The persistent allegation about eating healthily is that it means a boring diet filled with tasteless rabbit food, and no fun ever again. This has been the cause of many a broken diet, and will no doubt continue to dissuade people from healthier lifestyles. And the worst thing about it is that it really is not true. Eating healthily and enjoying it depends on looking a little beyond the obvious options.

At your local supermarket, it is not that hard to spot the unhealthy options, as they are usually packaged excitingly, with pictures designed to make you think that the food inside the packet will be delicious and enthralling. Meanwhile, the healthy options are packaged as you would expect them to be – plain packets and a sober typeface on the label.

But eating healthily is not about just picking out the stuff that is labelled in a boring way. It is about considering what makes a food healthy. Being prepared to be a little more ambitious in the kitchen helps. Many of us don't have much time for cooking, so putting a ready meal in the microwave becomes the easy option. If you cook from natural ingredients you can lose weight and feel better, so making the time to cook is a good idea.

You don't need to stand over a hot stove for hours in order to make a healthy meal. You can make a good sandwich with wholemeal bread, tuna and some salad which, if seasoned correctly, can taste better than anything you'll buy at the deli counter. What's more, it will only take a few minutes to do.

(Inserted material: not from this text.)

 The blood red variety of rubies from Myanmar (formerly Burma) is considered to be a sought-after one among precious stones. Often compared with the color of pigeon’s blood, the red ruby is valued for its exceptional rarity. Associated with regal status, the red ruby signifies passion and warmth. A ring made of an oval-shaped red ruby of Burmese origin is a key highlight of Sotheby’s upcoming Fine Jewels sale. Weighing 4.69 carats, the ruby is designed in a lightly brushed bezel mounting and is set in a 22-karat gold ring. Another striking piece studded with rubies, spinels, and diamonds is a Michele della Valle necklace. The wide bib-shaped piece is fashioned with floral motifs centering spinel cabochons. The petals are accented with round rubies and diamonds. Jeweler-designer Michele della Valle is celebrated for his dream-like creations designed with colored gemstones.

Healthy eating is a way of balancing the food you eat to keep your body in great health. With healthy eating, you’ll have energy all day, get the vitamins and minerals you need, stay strong for activities you enjoy, and maintain a healthy weight.

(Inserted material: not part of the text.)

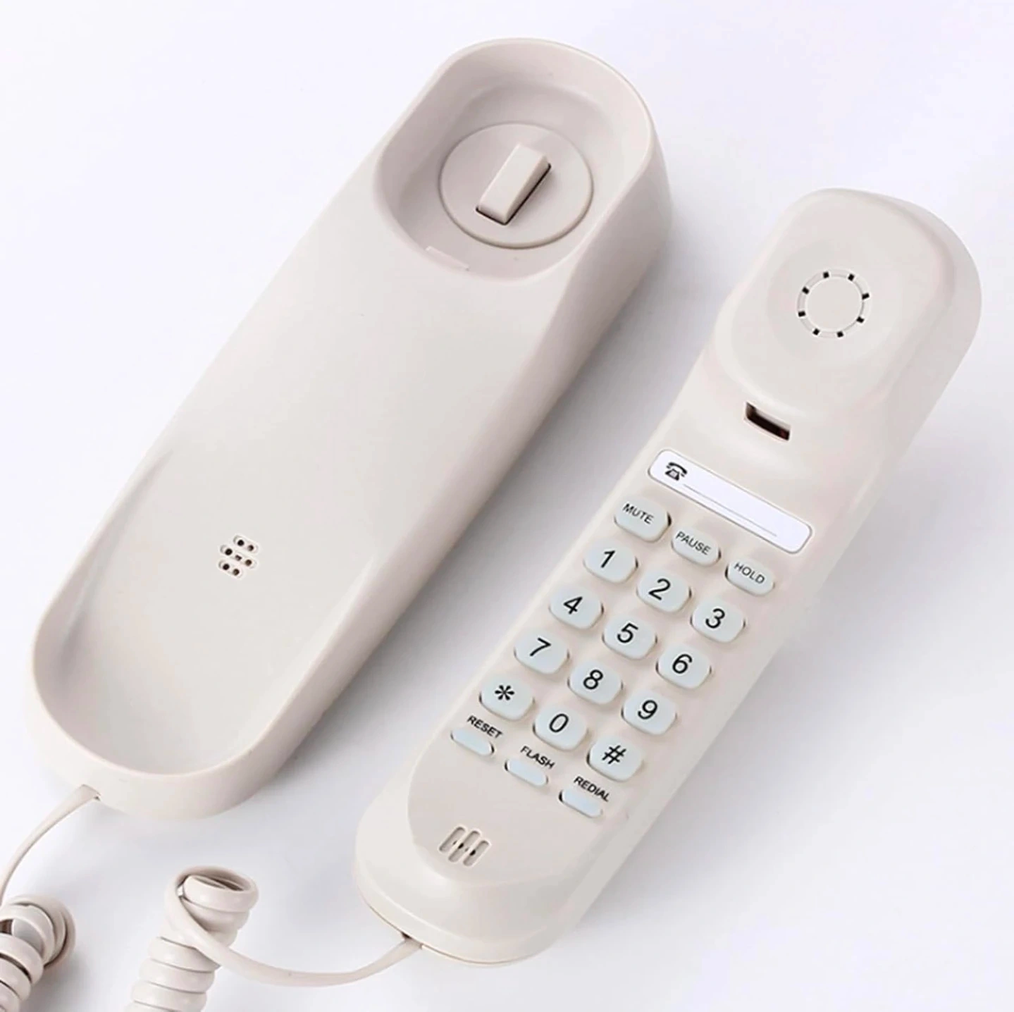 This is a corded landline telephone. It features mute, pause, and hold buttons. Includes original packaging.

Below, you’ll find tips designed to help you with healthy eating.
1. Don’t skip any meals
Eating 3 meals with snacks in between is the ideal way to maintain both energy and a healthy weight. When you skip meals and get hungry, you’re more than likely to choose foods that aren’t very good for you.
If you are eating away from home, take food with you or know where you can buy healthy food from.

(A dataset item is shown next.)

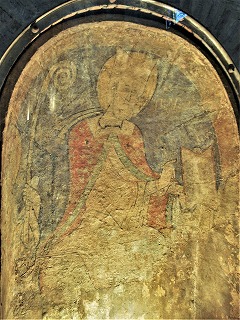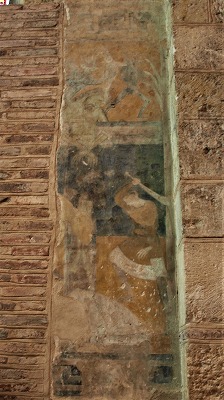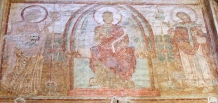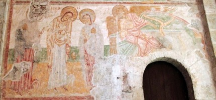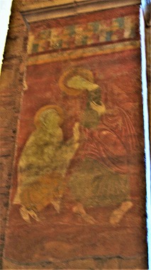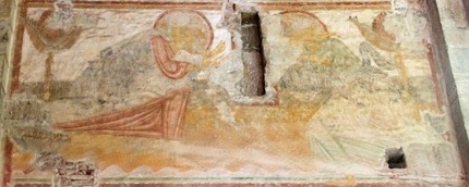 | Fresque : la Réssurection 北翼廊の西側の側廊に描かれたフレスコ画は、1970年代に発見されました。このフレスコ画はキリストの復活を表現していて、1180年頃に制作されました。 フレスコ画の右端に見える扉は、トリビューンへの階段に繋がります。 |

2. Learn about how to prepare foods
Instead of deep frying, try grilling, stir frying, microwaving, baking, and even boiling. You should also try fresh or even dried herbs and spices to add flavor to your food. Before you eat any type of meat, be sure to trim the fat and skin off of it.
3. Avoid a lot of sugar
Drinks that contain sugar are a major source of empty energy. What this means, is that the drinks contain a lot of energy that your body may not need, and it doesn’t contain any vitamins or minerals. If you plan to drink sugary drinks, don’t go overboard – limit yourself to 1 a day.
4. Avoid thinking about diets
There are no good food nor any bad foods. All food can be a part of a healthy diet, when eaten in moderation. You don’t need to buy any low carb, fat free, or even diet foods, as these foods normally have lots of other added ingredients to replaces the carbohydrates or fat.